The Easy Hard Calculation: N 42o 41.208 W
073o 45.903
One of the numbers in the combination is based on two probabilistic
properties of sets of elements. The number of arrangements
of a set equals the number of ways for which each of the elements
within that set can be ordered. For example: { A, B, C, D, E, F }
can be reordered as { B, C, F, E, D, A }, as { A, B, C, F, E, D },
and so on. The number of derangements of a set equals the
number of arrangements for which no element remains in its original
position. Using the example above, { B, C, F, E, D, A } is a
derangement whereas { A, B, C, F, E, D } is not. For a set of four
elements, calculate the number of arrangments that are not
derangements.
The Medium Hard Calculation: N 42o 41.299 W
073o 45.926
Finally, what’s so special about the number 1 x
344,827,586,206,896,551,724,137,931? What about 2 x
344,827,586,206,896,551,724,137,931? What about 3 x
344,827,586,206,896,551,724,137,931? Well, there's a number that
can multiply 344,827,586,206,896,551,724,137,931 that is quite
interesting and you’ll know it when you see it; and when you
see it, that multiplier will be another one of the lock’s
numbers.
The Very Hard Calculation: N 42o 41.308 W
073o 45.983
Finally, the last problem is based on a vector calculus property
that I will help you through (see notes below). There is a
three-dimensional shape called a parallelopiped. There are 3
pairs of parallelogram faces that are respectively both congruent
and parallel. Basically, it’s a rectangular prism wireframe without
necessarily having right angles. The coordinates of the eight
corners of our parallelopiped are: { (0,0,0), (1,3,1), (2,8,5),
(5,5,2), (3,11,6), (6,8,3), (7,13,7), (8,16,8) }. Determine the
volume of the parallelopiped to get a number for the lock.

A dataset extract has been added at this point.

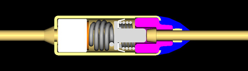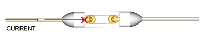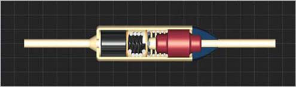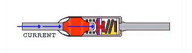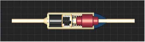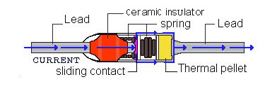 -SW-1.3.5 系列溫度保險絲由可動觸點(sliding contact)、 彈簧(spring)、可熔體(electrically nonconductive thermal pellet)構(gòu)成。在溫度保險絲啟動之前電流從左側(cè)引線流向可動觸點(sliding contact),通過金屬外殼向右側(cè)引線流動。在外部溫度達(dá)到預(yù)定溫度時可熔體熔化,壓縮彈簧會變松。即彈簧膨脹,可動觸點(slidingcontact)與左側(cè)引線分離?;芈繁淮蜷_,可動觸點(sliding contact)與左側(cè)引線間電流被切斷。

Notes: there is a vector calculus property that shows that one
may pick any corner of a parallelopiped and measure from the
reference frame of that corner the 3 respective vectors needed to
get from there to the adjacent corners. (For example: from
(3,11,6), one of the vectors is found using collated subtraction:
(3,11,6)—(2,8,5)=(1,3,1), which just also happens to be a different
corner of the figure.) Then, those three vectors can be viewed
together as a matrix whose determinant is a measure of the volume
of the parallelopiped generated by those 3 vectors.
For example: 
To calculate the determinant of a 3x3 matrix, you may have to
research a little bit. However, I can assure you that the help
container includes a method much easier than what the first 10 hits
on google.com just turned up.
Final Advice:
You can use resources such as mathworld to guide you, but
don’t overwork yourself. It is perhaps worth it to just show up and
try your best. See how far you can get on the first try. Remember,
there is helpful information to be found at each of the locations
for this cache. Most of all, I hope that it will be a learning
adventure for you. Good luck. |